This work addresses the limitations of traditional conformal prediction in graph neural networks, which often ignores graph structure, leading to inefficient prediction sets and insufficiently discriminative embeddings. The paper proposes the first localized conformal prediction framework that explicitly integrates graph topology: it employs feature-aware graph densification to mitigate local bias induced by sparsity and introduces a personalized PageRank–based, structure-aware kernel to model both local and long-range dependencies among nodes, enabling more precise neighborhood calibration. The approach supports structure-aware anchor sampling and weighting, achieving marginal coverage guarantees under finite-sample settings while significantly improving conditional coverage efficiency across diverse graph regression and classification tasks, particularly in complex conditional scenarios.

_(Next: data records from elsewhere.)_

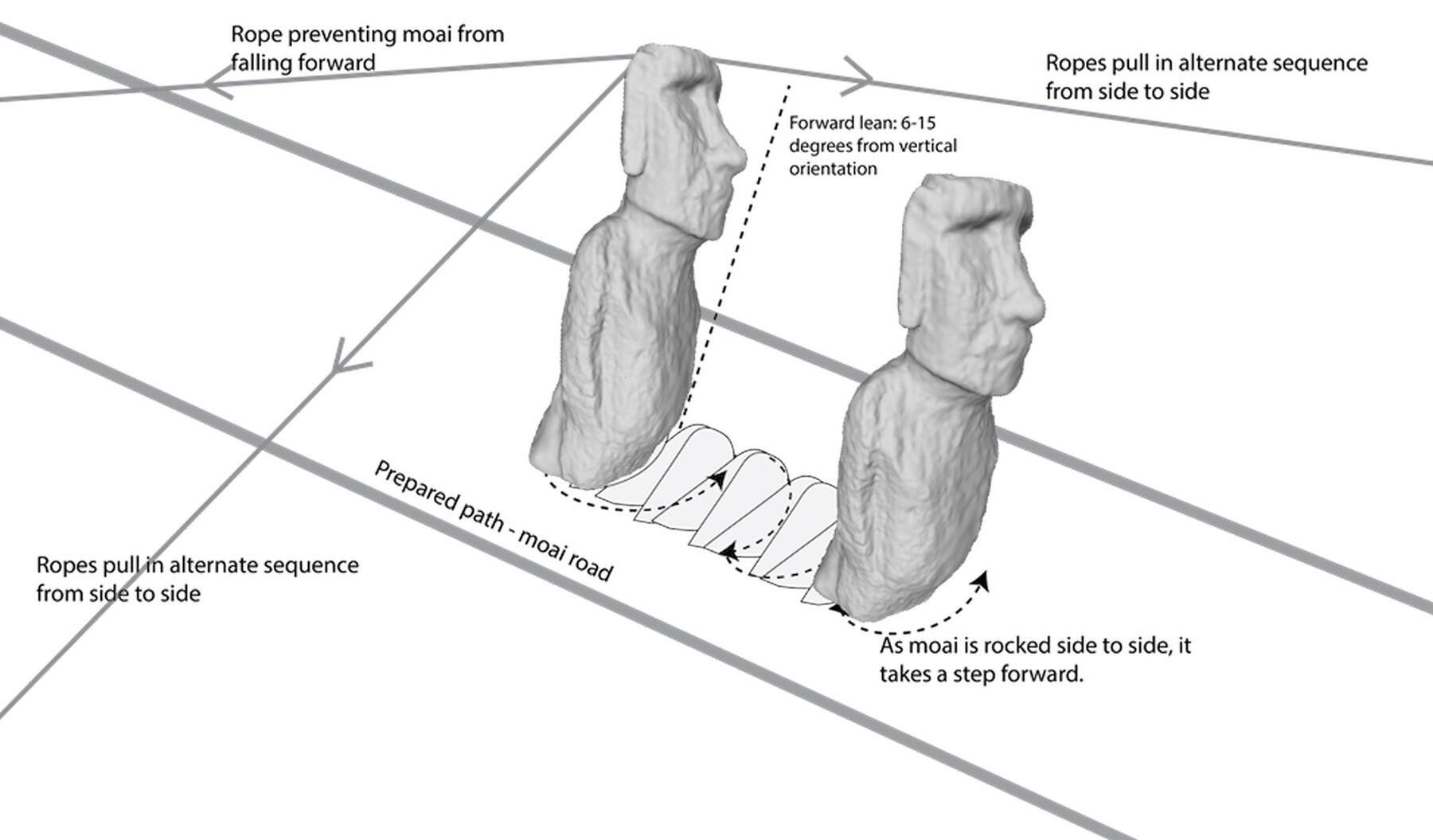 Godinama se raspravljalo kako pomaknuti kip težak kao kamion. Mnogi su mislili da su ih vukli ležeći po drvetu. Ali nova mjerenja pokazuju nešto drugo. Kipovi pronađeni uz stare ceste imaju šire dno, lagani nagib prema naprijed i oblik koji se lako njiše. To nema smisla ako ih se vuklo dok leže, ali ima savršen smisao ako stoje uspravno.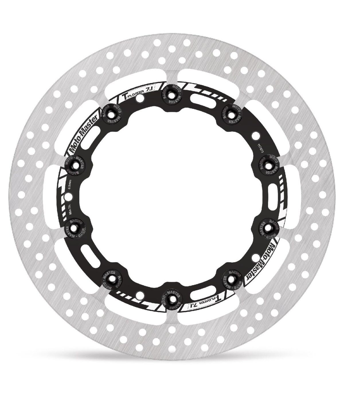 Disque de frein T-Floater série HALOLa conception de l'anneau extérieur HALO assure une dissipation régulière de la chaleur dans des conditions de stress thermique, tout en préservant la propreté de la surface de contact de la plaquette de frein.L'épaisseur de l'anneau extérieur est de 6,0 mm (320 mm) et comporte un trou de refroidissement supplémentaire sur le périmètre extérieur.La partie extérieure découpée au laser et meulée avec précision est fixée à un support en aluminium taillé dans la masse usiné CNC de qualité aéronautique qui est anodisé noir et marqué au laser.Le système T-Floater offre un comportement de flottement contrôlé précis même dans les conditions extrêmes de courseLe design sophistiqué T-Floater permet de résister à de grandes charges mécaniques et de réduire l'usure à un minimumLe système T-Floater est léger grâce à des flotteurs en aluminium anodisé dur spécialement conçus.Brake Rotor Halo T-Floater, Outside Diameter 321mm, Inner Diameter 181mm, Thickness 7,1mm, Pitch 203mm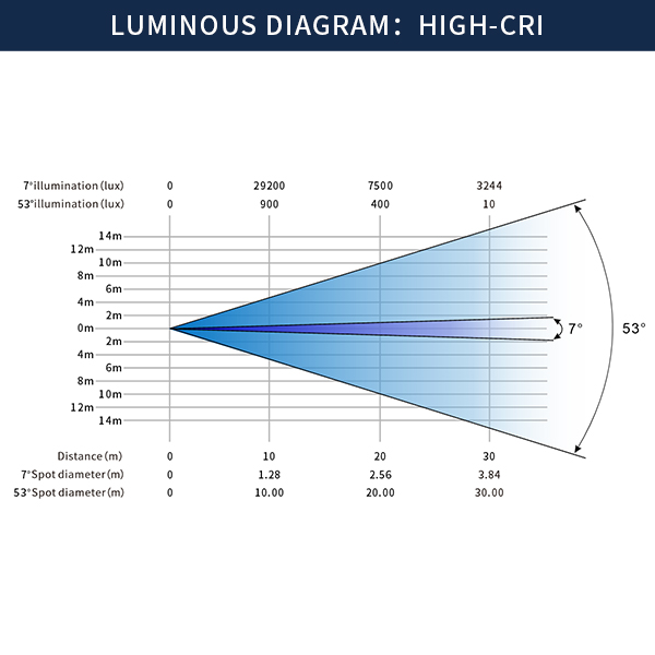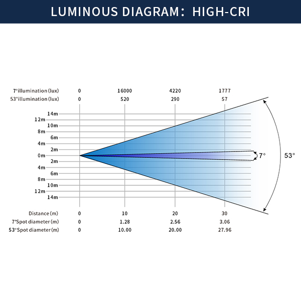 • 10m illuminance(min/max): 22800lux/1.02m,800lux/9.32m;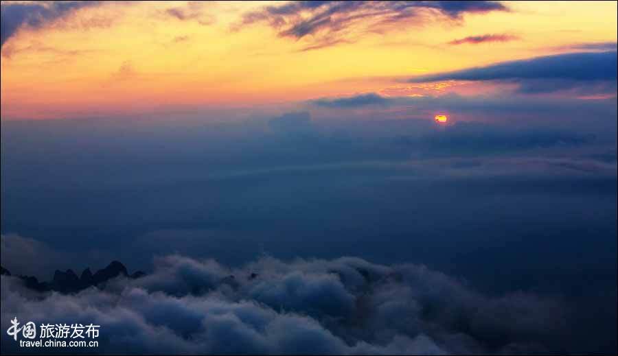 秋天的雨水相對較少,因此,云海出現的概率也少一些。但降雨過后,黃山則常常出現波瀾壯闊的云海景觀,云海飄逸靈動,峰石若隱若現,一幅幅布局詭異、構圖奇特、節奏變幻、色彩豐富、氣勢磅礴的立體畫呈現在面前。(葉永清)

Conformal prediction (CP) provides a distribution-free approach to uncertainty quantification with finite-sample guarantees. However, applying CP to graph neural networks (GNNs) remains challenging as the combinatorial nature of graphs often leads to insufficiently certain predictions and indiscriminative embeddings. Existing methods primarily rely on embedding-space proximity for localization, which can be unreliable for graphs and yield inefficient prediction sets. We propose GRAPHLCP, a proximity-based localized CP framework that explicitly incorporates graph topology and inter-node dependencies into localization and weighting. Our approach introduces a feature-aware densification step to mitigate locality bias in sparse graphs, followed by a Personalized PageRank-based kernel computation to model structural proximity. This enables topology-dependent anchor sampling and calibration weighting that captures both local and long-range dependencies. Extensive experiments on several regression and classification datasets demonstrate that GRAPHLCP guarantees marginal coverage with finite samples while efficiently attaining favorable test conditional coverage across various conditioning scenarios.